“New House” by Geraldine Connolly

Geraldine Connolly


There’s always the illusion the museum I carry
inside me, of coal dust, black bread and worn-out brooms
could turn into a seaside palazzo of framed lithographs
and immaculate linens. There’s the hope that some magical
storm could sweep over my life, making dinners prepare
themselves, dust motes fly back into the atmosphere,
newspapers slide out of their messy heaps into trash bins.

My marriage, too, could evolve like that dream
where I grow wings and fly through sun-filled windows
into the arms of a beautiful stranger. We two will
sit back in a chaise longue in freshly painted harmony,
tend hothouse orchids on the patio and photograph
street-sweepers at dawn. We will witness glorious sunsets
behind the Pillars of Hercules reconstructed on our lawn.
There will be no weeds, smudged windows or carpenter ants,
no growling dogs or nosy neighbors with garish swing sets.

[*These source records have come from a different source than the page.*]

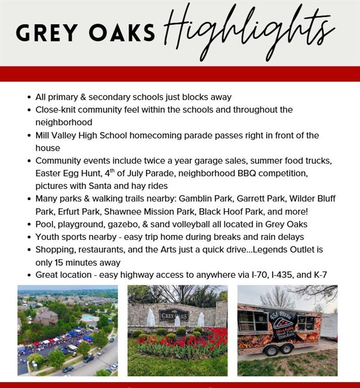LUXURY Lambie-Geer plan in sought after Grey Oaks Eagle View. Just blocks to all schools. All NEW windows, NEW roof, NEW garage doors, NEW gutters. NEW Lighting. NEW carpet. NEWLY finished hardwood floors. NEW paint inside and out. STANDOUTS: Huge Owners suite with spa-like bathroom & endless closet. DON’T MISS the huge DAYLIGHT BASEMENT with FULL BAR & THEATER! Magnificent split-landing staircase overlooking two large living rooms, island-kitchen, dining room & spacious entry, plus a large front office. HUGE CHEF’S KITCHEN: large island, double ovens, large pantry. Plenty of space for gatherings with friends & family. Soaring ceilings, huge windows, dual fireplaces, deluxe trim work & details. Step outside to custom flagstone patio with gas firepit & HUGE FENCED YARD. BRIGHT & NEW INSIDE: new paint, new carpet, redone wood floors, new lighting, new toilets & faucets, everything is done. Primary Suite with large sitting area, double-vanity, jet tub, heated floors, & endless closet space. You will totally FLIP over the DAYLIGHT finished basement with full bar, THEATER/MEDIA ROOM (or convert to a game room), large rec area, plus bedroom, full bath, & still tons of storage - IT HAS IT ALL! OUTSIDE IS A SHOWSTOPPER: Stately pillared front porch, elegant bay windows, and sophisticated metal roof accents that command attention. NEW ROOF, ALL NEW WINDOWS, NEW GUTTERS, NEW GARAGE DOORS, NEW PAINT - WOW! This HUGE LOT is a prime coveted spot right on the Mill Valley Homecoming Parade Route. GREY OAKS: Neighbors out with pets stopping to visit, driveway sit-downs, fenceline convo’s & backyard firepits - Grey Oaks is a true COMMUNITY. Unmatched location, great community feel and activities, K-12 SCHOOLS right down the street - also just blocks to Sacred Heart School. Large pool, sand volleyball, playground, & shelters. Holiday Hayride, Egg Hunt, July 4th Parade, BBQ Competition & Fun Run, food trucks, & MORE.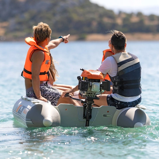 Jeżeli chcesz poczuć wiatr we włosach to, zamocuj silnik o mocy nie większej niż 15 koni mechanicznych. Waga pontonu to jedyne 43 kg, możesz zapakować go w wygodną torbę i zmieścić do większości bagażników samochodowych.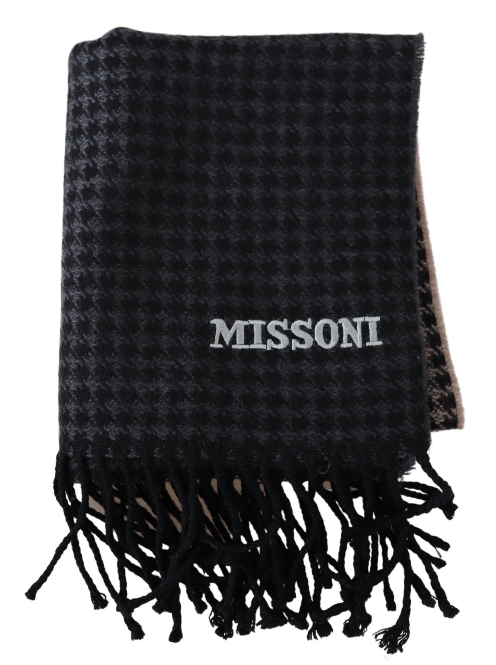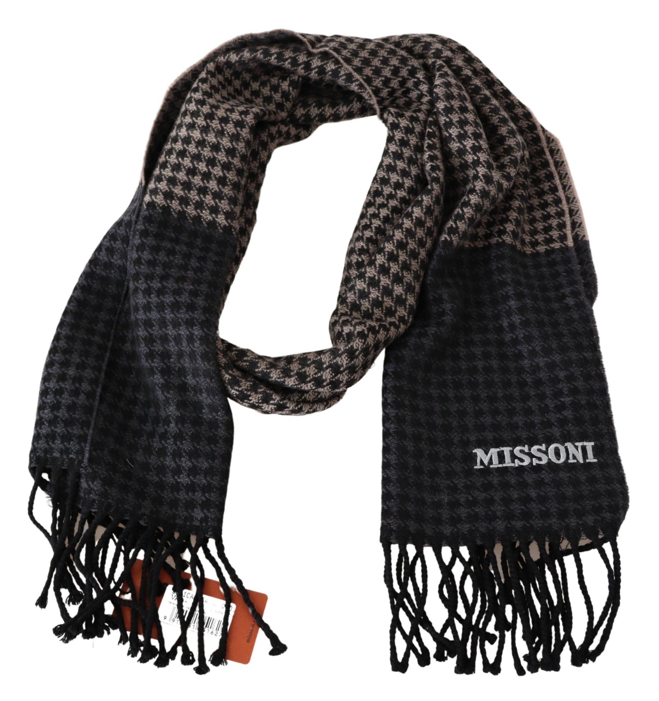 Wrap yourself in luxury with this stunning Missoni wool scarf, featuring a classic houndstooth pattern accented by the iconic brand logo embroidery. Its vibrant multicolor design and high-quality fabric make it a timeless accessory for any fashion connoisseur, bringing a touch of Italian elegance to your wardrobe.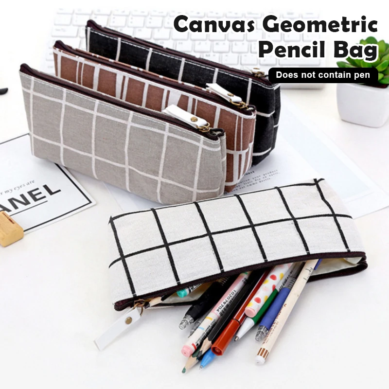 Холщовый чехол для карандашей с геометрическим рисунком, простой однотонный милый чехол в полоску и сетку для школы и офиса, студентов, Детские принадлежности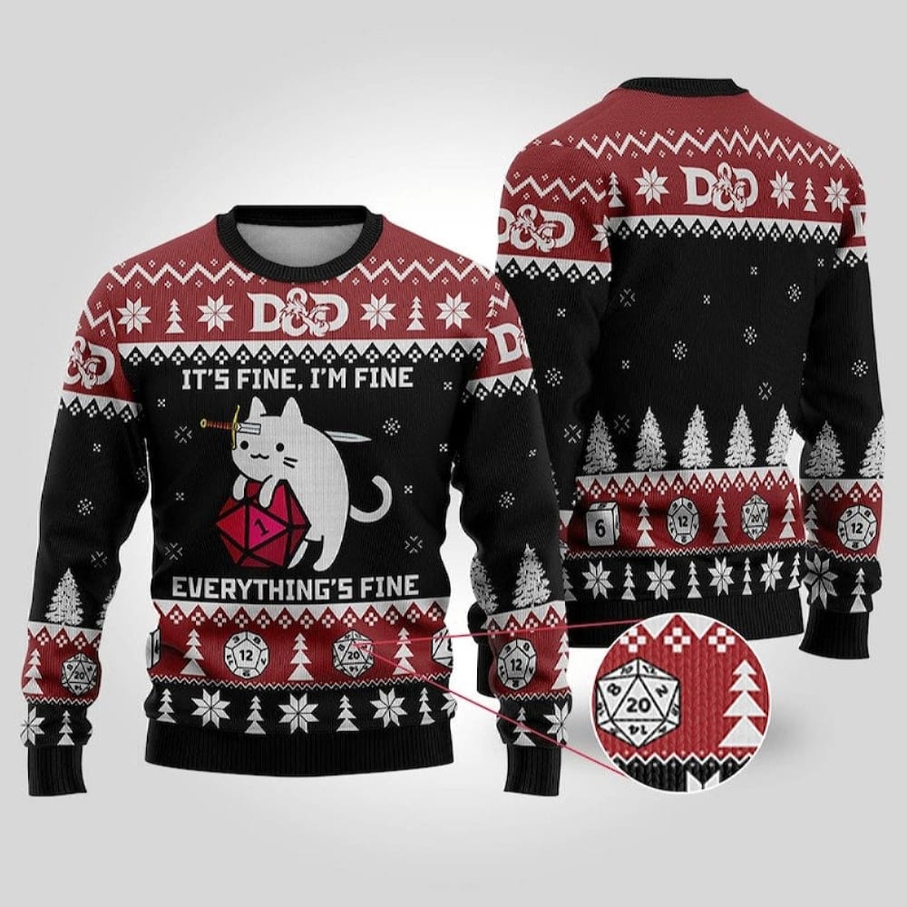 Dungeons and Dragons Christmas Ugly Sweater Cat DND Dice Game It’s Fine I’m Fine Everything is Fine Shirt Xmas Gifts Informations: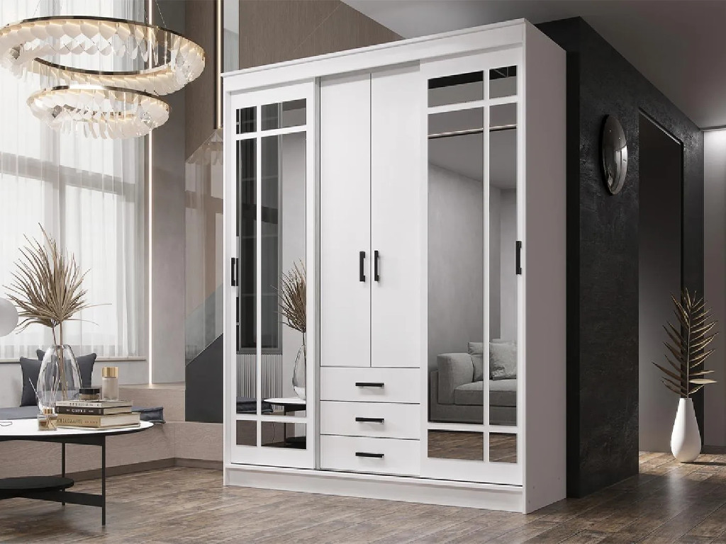 - Шкаф купе Лорд белый гладкий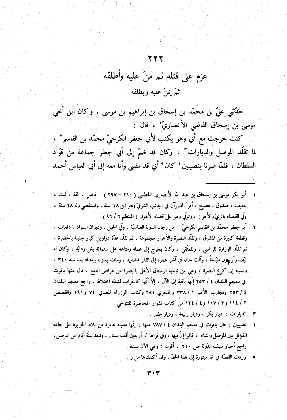 حَدثنِي عَليّ بن مُحَمَّد بن إِسْحَاق بن إِبْرَاهِيم بن مُوسَى، وَكَانَ ابْن أخي مُوسَى بن إِسْحَاق القَاضِي الْأنْصَارِيّ، قَالَ: كنت خرجت مَعَ أبي، وَهُوَ يكْتب لأبي جَعْفَر الْكَرْخِي مُحَمَّد بن الْقَاسِم، لما تقلد الْموصل والديارات، وَكَانَ قد ضم إِلَى أبي جَعْفَر جمَاعَة من قواد السُّلْطَان، فَلَمَّا صرنا بنصيبين كَانَ أبي قد مضى وَأَنا مَعَه إِلَى أبي الْعَبَّاس أَحْمد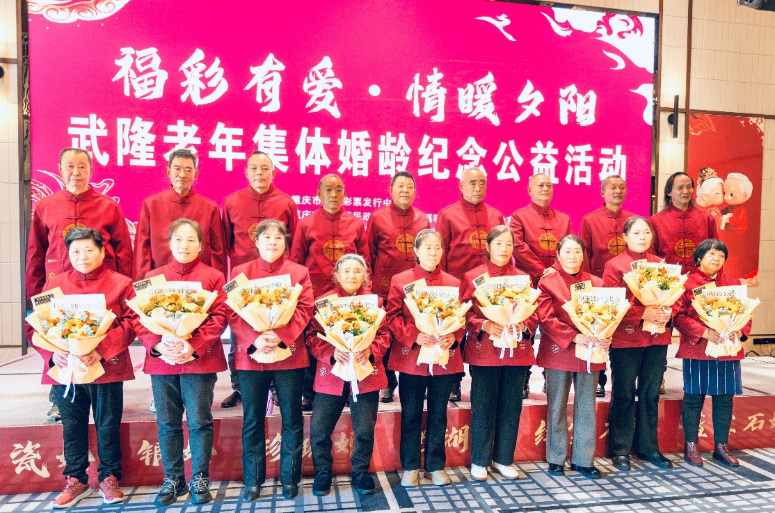 10月28日,武隆区仙女山福彩爱心公园内爱意融融,9对携手走过数十载春秋的老年夫妇,在这里参加由重庆市武隆区民政局主办的“福彩有爱·情暖夕阳”老年集体婚龄纪念公益活动。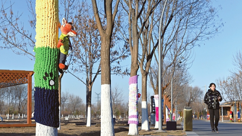 太原植物园内大树穿“新衣”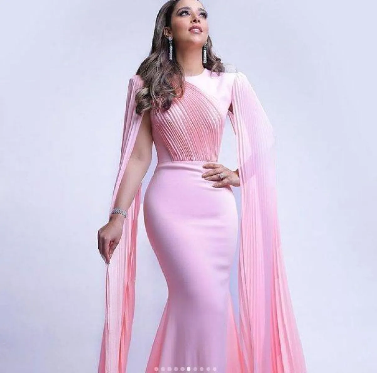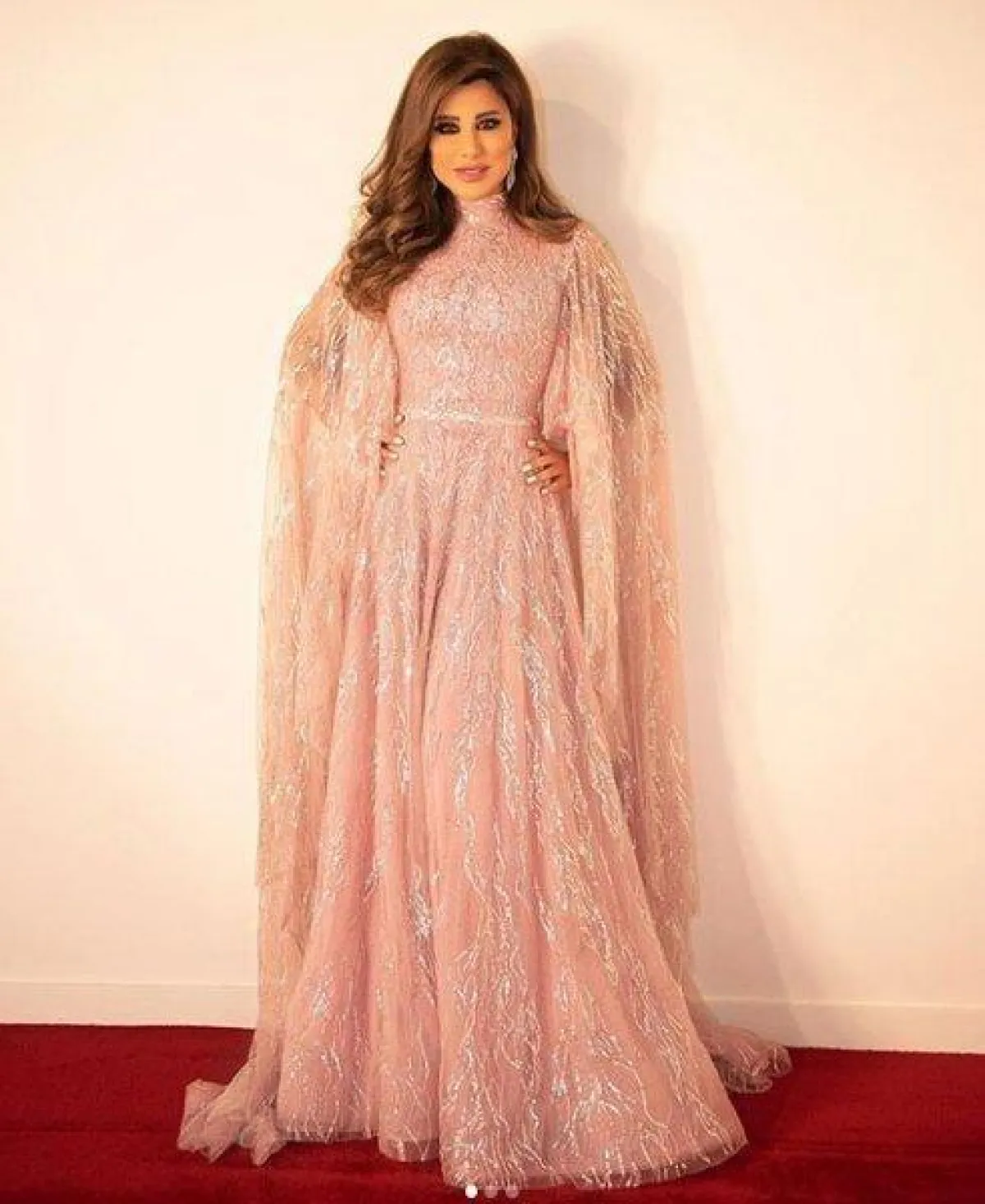 ظهرت نجوى كرم مؤخراً بفستان أنثوي جذاب بصيحة الكاب، وهو باللون الوردي ومرصع بتطريزات برّاقة تغطيه بالكامل.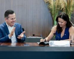 Governador Mauro Mendes sancionou projeto que cria premiação, e a secretária de Comunicação, Laice Souza, divulgou as regras em cerimônia no Palácio Paiaguás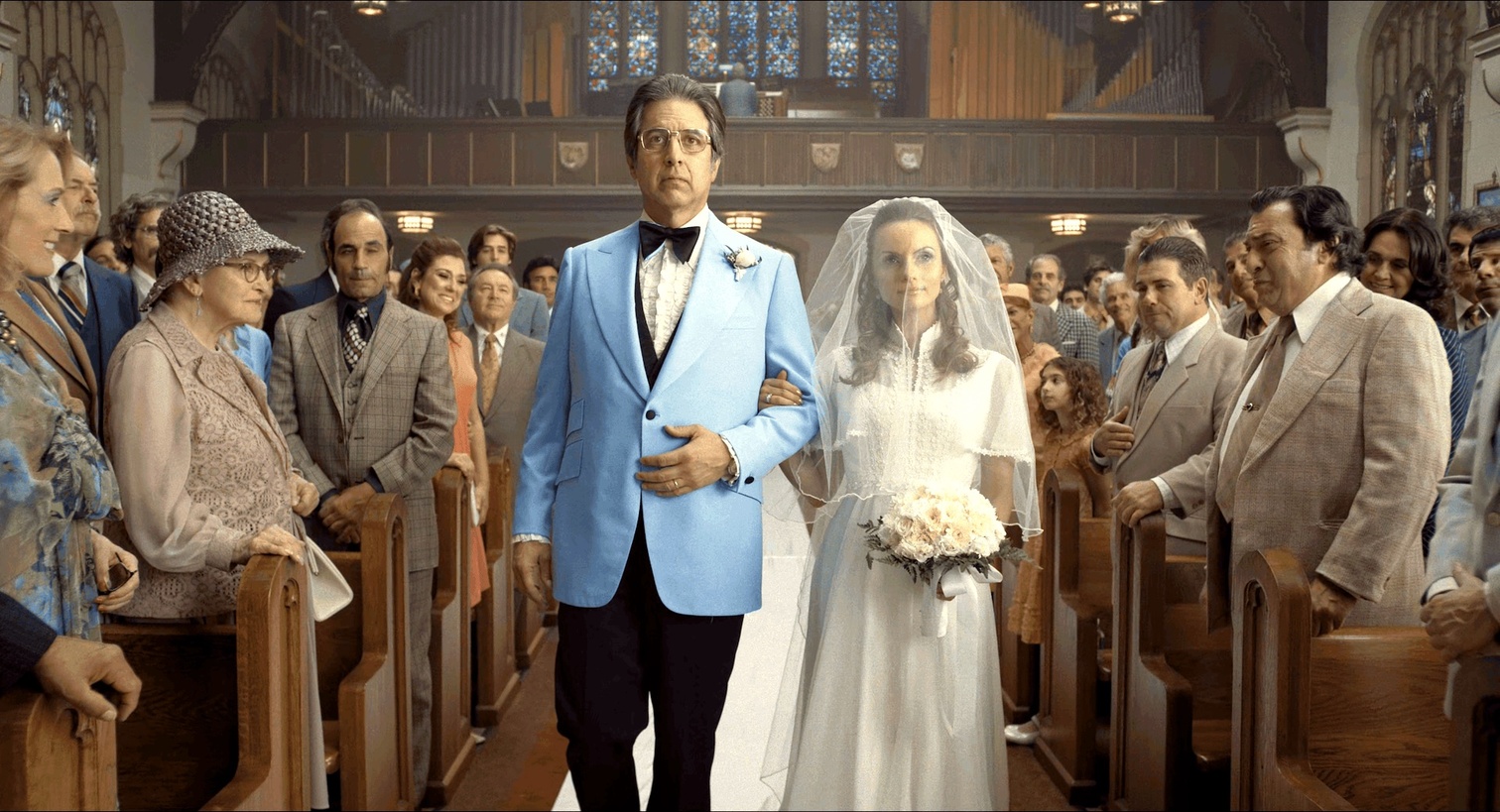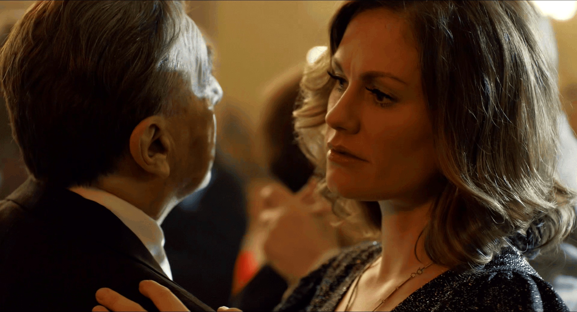 开篇说“The whole thing was built around the wedding”。我不知道这儿是不是致敬《教父》开头的结婚场景。 但是真正到影片后半段的婚礼场景,新郎走红毯的时候面无表情,甚至在掀起新娘的头纱新娘微笑着仰头闭眼,导演却通过一个借位慢镜头狠狠的骗了观众,新郎亲在了新娘脸上而不是嘴上。 此刻台下的意大利人们依旧面色阴沉毫无欢喜。

I will indulge my desire for a Moroccan bathroom
with marble floors and a mosaic dragon. It’s not that
I can’t see that a fresh start is a white lie, my dream
of arriving at a fulcrum of elegance just another decorative
hope embellished with gold braid. The truth is I will
never get around to painting that dining room mural
or hanging linen swags. My success is of no consequence
to these walls. This ceiling fan could be the one I die beneath.
But I move past misgiving and chaos with chipped
stoneware, tattered baggage and dreamy optimism,
the throb of salvation beating in my chest like a drum.